Problem details – Repeat each record exactly, skipping the pictures.

Data for analysis –
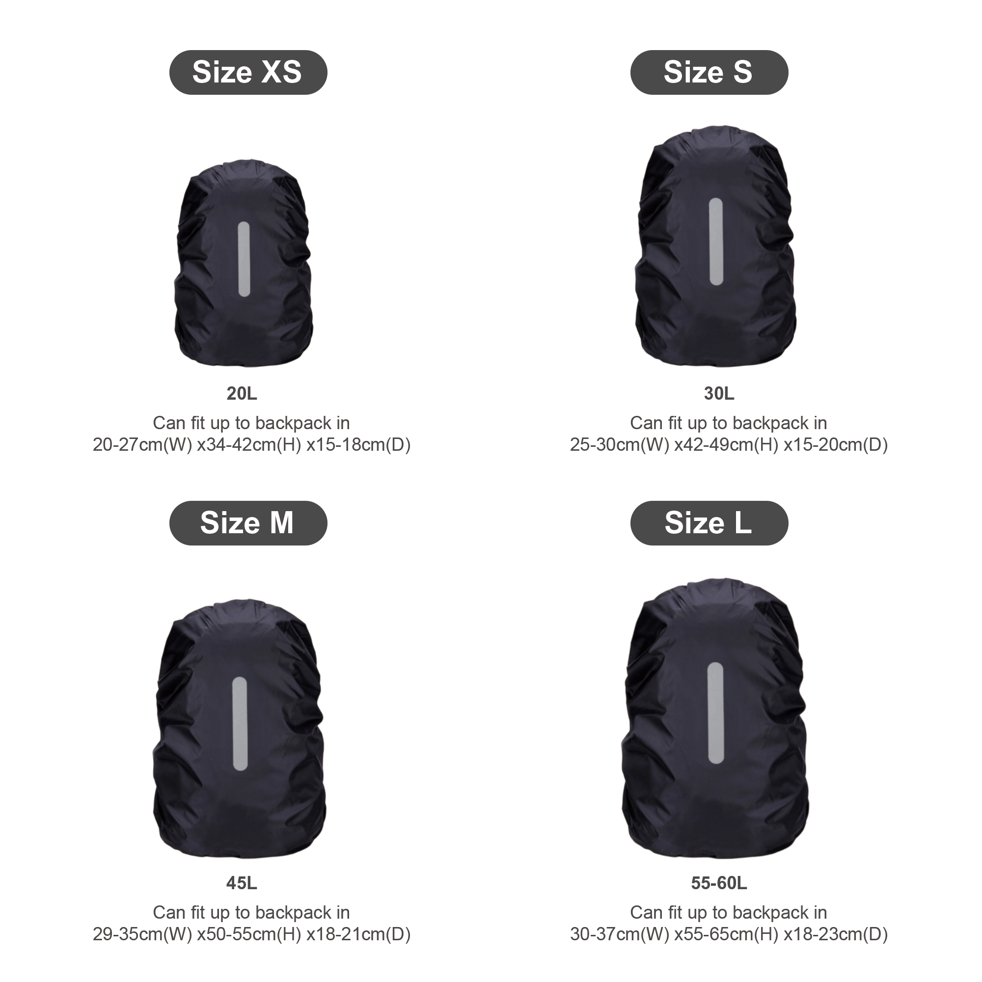 This Reflective Backpack Rain Cover is a perfect outdoor companion, available in 4 sizes, which can be conveniently folded up into a zipper bag when not in use. Featuring a reflective strap for better visibility and an elastic circle for backpack fastening which allows you to add 2 more stripes as additional service. Our quality rain cover is made of 210T polyester, that is water and sunshine resistant. With full colour heat transfer to showcase your design, you can choose from 6 colours. Sizing: Size XS 20L Can fit up to backpack in 20-27cm w 34-42cm h 15-18cm d Size S 30L Can fit up to backpack in 25-30cm w 42-49cm h 15-20cm d Size M 45L Can fit up to backpack in 29-35cm w 50-55cm h 18-21cm d Size L 55-60L Can fit up to backpack in 30-37cm w 55-65cm h 18-23cm d. Materials: Polyester. Price Notes: Price includes full colour print on the backpack rain cover, and a 1 col version of the same design on the carry pouch. Print Position: Front/On the zipper bag. Price includes: 3week Heat Transfer Full Colour. 3week. Setup is included.
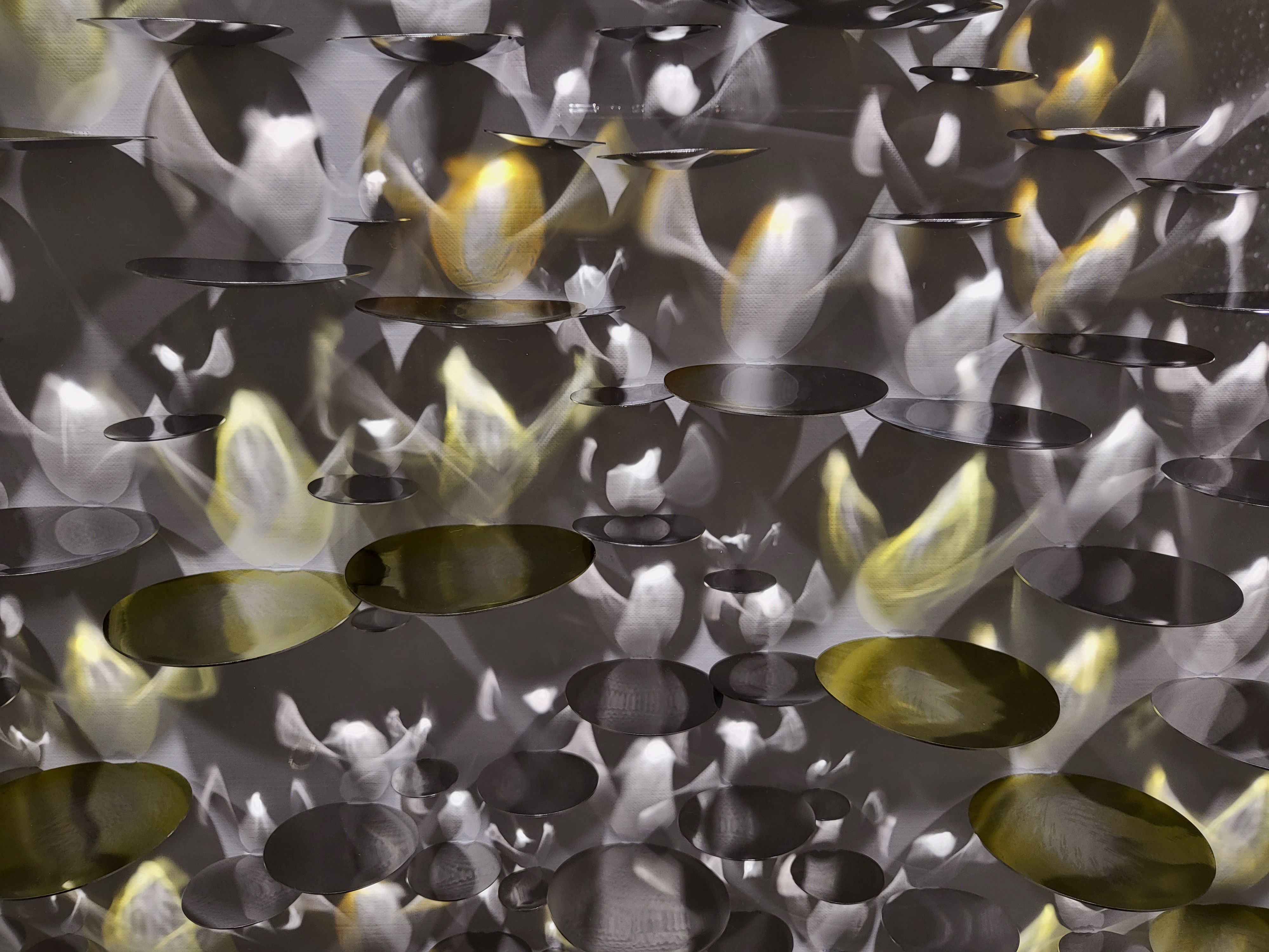 작가 권용래는 자신의 경험을 예술로 승화시키는 작업을 한다. <내면과 외면 ‘사이’의 직관적 표현에 관한 연구 (1992)>를 시작으로 스테인리스 스틸 조각을 활용한 회화와 부조를 융합한 작업을 2004년부터 이어오고 있다. 그의 대표작 <Eternal Flame> 시리즈는 그간의 과정을 보여주기에 충분하다. 작가는 어둑한 작업실의 구석에 쬐 던 광선이 사물을 비추는 순간, 17세기 빛의 화가 렘브란트를 떠올린 후 캔버스 화면 위를 빛으로 물들이고 있 다.
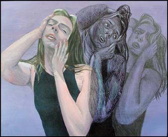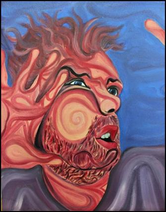 Above: “This painting looks at the idea of being physically locked in an environment, along with the emotions that come with it. The figure’s face pressed against a glass surface is brought to life with hypnotic lines and swirling brushstrokes.”
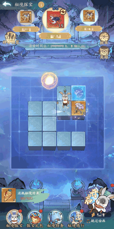 此次探宝不再由外向内逐层破阵,兔兔将在全图随机破开秘境格,待到破除本层所有秘境格即可前往下一层秘境。
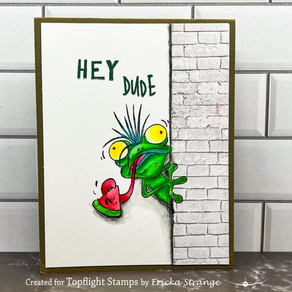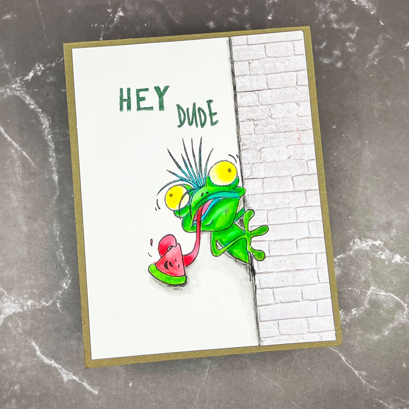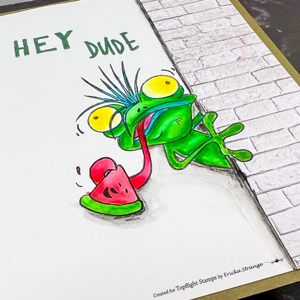 To begin, I adhered the patterned paper to the edge of my card, creating a clever illusion of a wall. This added a fantastic backdrop for my gecko friend. Next, I stamped the gecko image onto the card, positioning it just right to bring the scene to life. I used the Spectrum Noir Colorista Watercolor Markers to color this guy up and added some shading to give our little gecko a bit more dimension and character.
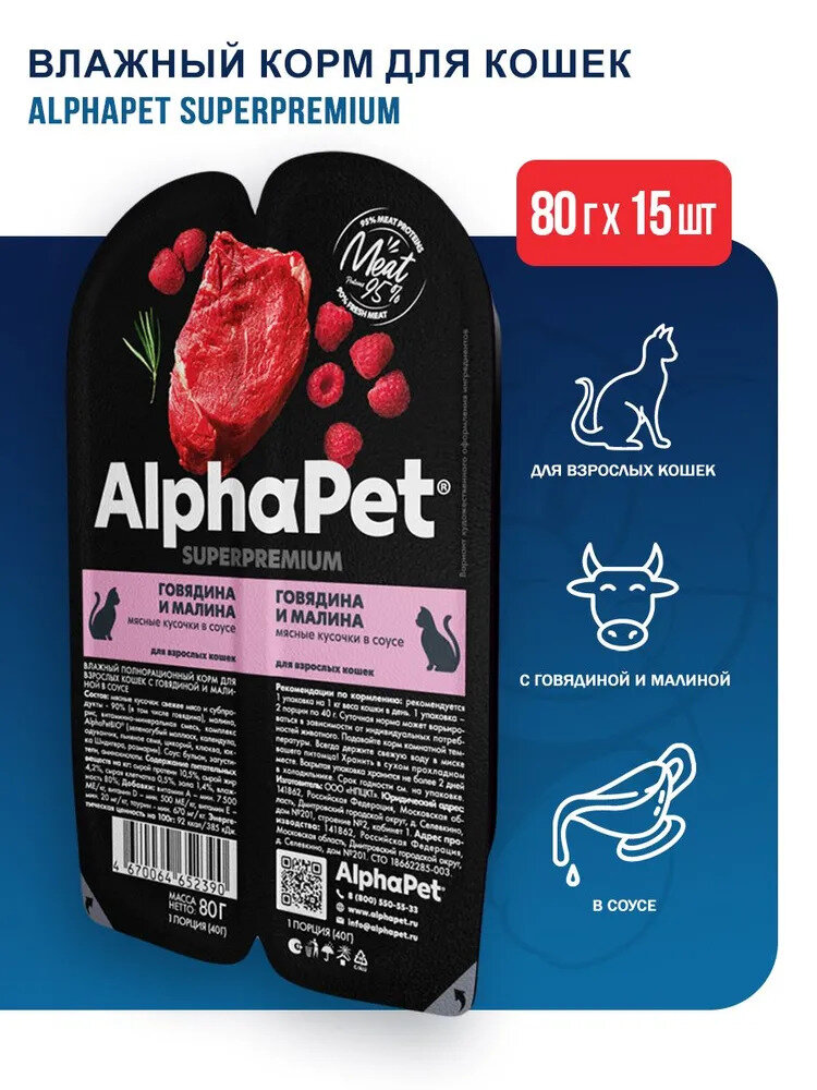 AlphaPet Superpremium влажный корм для взрослых кошек мясные кусочки в соусе, говядина и малина, 80г х 15шт. информация:
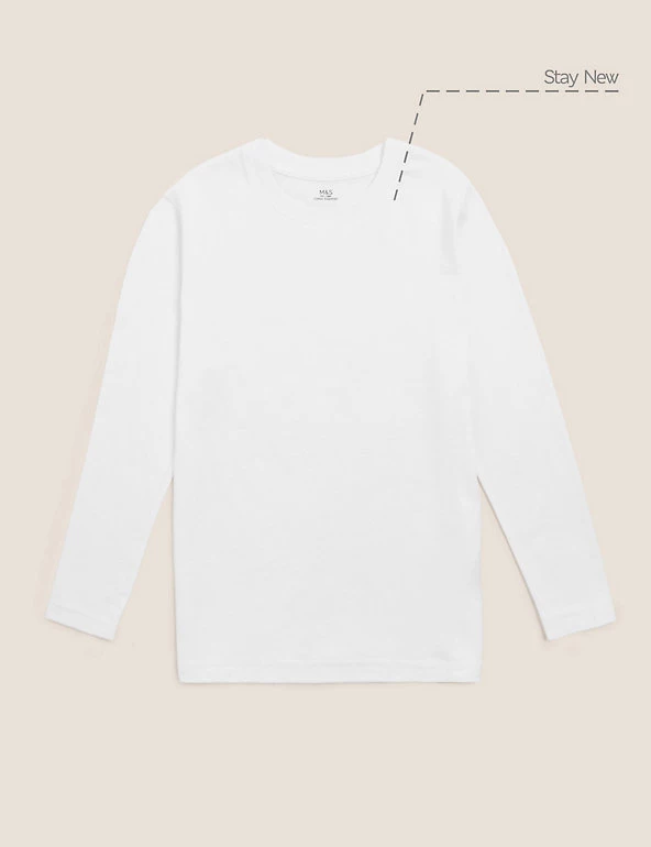Kit kids out for school with this comfortable, long sleeve t-shirt. Regular fit for all-day comfort. Perfect for wearing underneath school uniforms to keep the chill at bay. Made from pure, soft and breathable cotton. We only ever use responsibly sourced cotton for our clothes. StayNew™ technology reduces bobbling and colour loss, keeping clothes looking newer and brighter for longer.
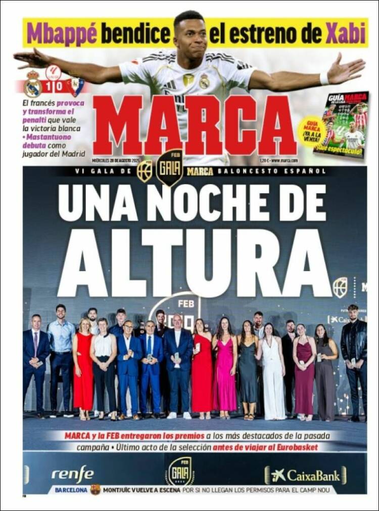 As destaca al francés, aunque su portada omite destacar también a otros jugadores que estuvieron de notable, como el formidable Carreras o el cada día más confiable Huijsen, que no solo saca el balón de atrás como los ángeles sino que también se faja con un jabato a campo abierto. A otros, como Trent y Güler, se les vio más tímidos y menos diferenciales, pero estuvieron voluntariosos en todo caso.
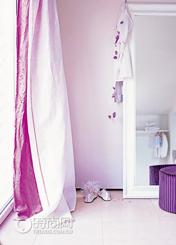 全白的亞麻窗簾襯上一層奢華的紫羅蘭絲綢,魅力即現(xiàn),為配合浪漫的紫色調(diào),絲絨座墩、 衣服上的配飾,都選用了不同深淺的紫色系。
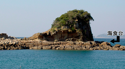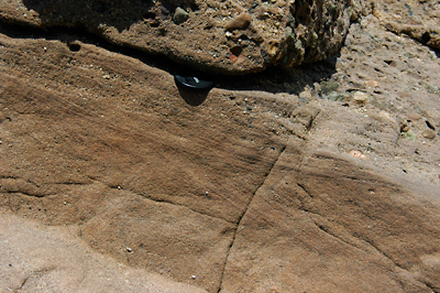 また、この地点には海食洞があり、干潮の時間をねらってこの場所を訪れると、海食洞を通り抜けることができる。いたるところで斜交葉理(クロスラミナ)が観察されるので堆積当時は水流の向きがよく変化する場所だったことがうかがえる。
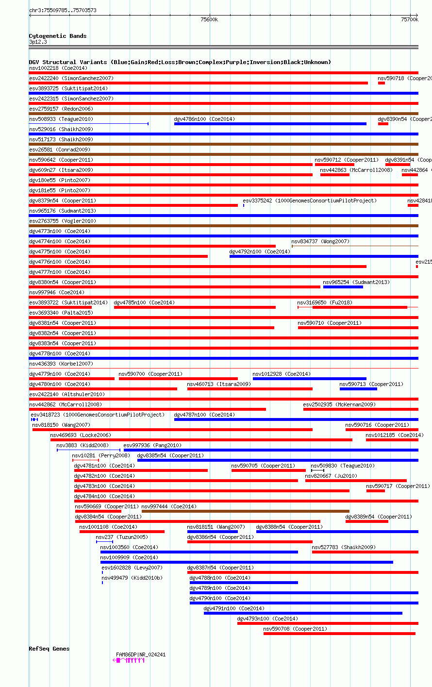 Variant DetailsVariant: nsv1009577| Internal ID | 19098795 | | Landmark | | | Location Information | | | Cytoband | 3p12.3 | | Allele length | | Assembly | Allele length | | hg38 | 193789 | | hg19 | 193789 | | hg18 | 193789 |

Your response –
 This Reflective Backpack Rain Cover is a perfect outdoor companion, available in 4 sizes, which can be conveniently folded up into a zipper bag when not in use. Featuring a reflective strap for better visibility and an elastic circle for backpack fastening which allows you to add 2 more stripes as additional service. Our quality rain cover is made of 210T polyester, that is water and sunshine resistant. With full colour heat transfer to showcase your design, you can choose from 6 colours. Sizing: Size XS 20L Can fit up to backpack in 20-27cm w 34-42cm h 15-18cm d Size S 30L Can fit up to backpack in 25-30cm w 42-49cm h 15-20cm d Size M 45L Can fit up to backpack in 29-35cm w 50-55cm h 18-21cm d Size L 55-60L Can fit up to backpack in 30-37cm w 55-65cm h 18-23cm d. Materials: Polyester. Price Notes: Price includes full colour print on the backpack rain cover, and a 1 col version of the same design on the carry pouch. Print Position: Front/On the zipper bag. Price includes: 3week Heat Transfer Full Colour. 3week. Setup is included.
 작가 권용래는 자신의 경험을 예술로 승화시키는 작업을 한다. <내면과 외면 ‘사이’의 직관적 표현에 관한 연구 (1992)>를 시작으로 스테인리스 스틸 조각을 활용한 회화와 부조를 융합한 작업을 2004년부터 이어오고 있다. 그의 대표작 <Eternal Flame> 시리즈는 그간의 과정을 보여주기에 충분하다. 작가는 어둑한 작업실의 구석에 쬐 던 광선이 사물을 비추는 순간, 17세기 빛의 화가 렘브란트를 떠올린 후 캔버스 화면 위를 빛으로 물들이고 있 다.
 Above: “This painting looks at the idea of being physically locked in an environment, along with the emotions that come with it. The figure’s face pressed against a glass surface is brought to life with hypnotic lines and swirling brushstrokes.”
 此次探宝不再由外向内逐层破阵,兔兔将在全图随机破开秘境格,待到破除本层所有秘境格即可前往下一层秘境。
 To begin, I adhered the patterned paper to the edge of my card, creating a clever illusion of a wall. This added a fantastic backdrop for my gecko friend. Next, I stamped the gecko image onto the card, positioning it just right to bring the scene to life. I used the Spectrum Noir Colorista Watercolor Markers to color this guy up and added some shading to give our little gecko a bit more dimension and character.
 AlphaPet Superpremium влажный корм для взрослых кошек мясные кусочки в соусе, говядина и малина, 80г х 15шт. информация:
Kit kids out for school with this comfortable, long sleeve t-shirt. Regular fit for all-day comfort. Perfect for wearing underneath school uniforms to keep the chill at bay. Made from pure, soft and breathable cotton. We only ever use responsibly sourced cotton for our clothes. StayNew™ technology reduces bobbling and colour loss, keeping clothes looking newer and brighter for longer.
 As destaca al francés, aunque su portada omite destacar también a otros jugadores que estuvieron de notable, como el formidable Carreras o el cada día más confiable Huijsen, que no solo saca el balón de atrás como los ángeles sino que también se faja con un jabato a campo abierto. A otros, como Trent y Güler, se les vio más tímidos y menos diferenciales, pero estuvieron voluntariosos en todo caso.
 全白的亞麻窗簾襯上一層奢華的紫羅蘭絲綢,魅力即現(xiàn),為配合浪漫的紫色調(diào),絲絨座墩、 衣服上的配飾,都選用了不同深淺的紫色系。
 また、この地点には海食洞があり、干潮の時間をねらってこの場所を訪れると、海食洞を通り抜けることができる。いたるところで斜交葉理(クロスラミナ)が観察されるので堆積当時は水流の向きがよく変化する場所だったことがうかがえる。
 Variant DetailsVariant: nsv1009577| Internal ID | 19098795 | | Landmark | | | Location Information | | | Cytoband | 3p12.3 | | Allele length | | Assembly | Allele length | | hg38 | 193789 | | hg19 | 193789 | | hg18 | 193789 |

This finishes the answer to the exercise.